# Your favorite book of all time?



## timskorn (Nov 7, 2012)

No lists or "Top 3". Having to choose more than one is the easy way out. There can be only one, Highlander. There is one book, for whatever reason, is and always be #1 for you.

Mine?
*
Blood Meridian or the Evening Redness in the West*

The violence is off-putting for some, but the pure beauty of the prose is unmatched in my opinion. It is a truer account of Manifest Destiny than nearly all "Westerns" put together. It can be re-read multiple times and not lose its power.


----------



## MLKatz (Sep 8, 2012)

I stared at your post for 5 minutes, sure I could come up with the answer. I can't. I think when I was younger I may have been able to come up with answer, but I can't now. I could just be senile though.


----------



## AnitaDobs (Sep 18, 2012)

timskorn said:


> No lists or "Top 3". Having to choose more than one is the easy way out. There can be only one, Highlander. There is one book, for whatever reason, is and always be #1 for you.


That's a tough question, and quite honestly perhaps it depends on what age you were when you first read it, or in what state of mind.

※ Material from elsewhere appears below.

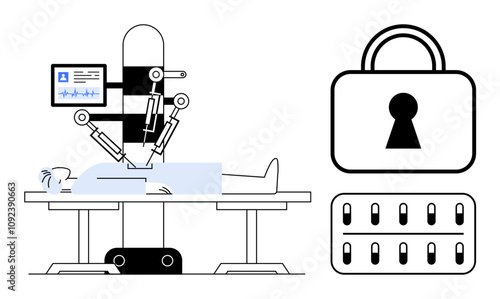 Robotic surgical system operating on a patient, with a lock symbol and keyboard representing security and data protection. Ideal for healthcare, technology, cybersecurity, medical innovation, digital

I'd have to say Papillon is one of my all time favorites. The true story of a criminal who ends up in the French penal system and obsessively plans and attempts to escape time and time again, even though everyone says it can't be done. It's an amazing book that speaks to one of the will of the human spirit to survive and seek freedom... and also to renounce vengence.

The film's great, but the book is ten times better.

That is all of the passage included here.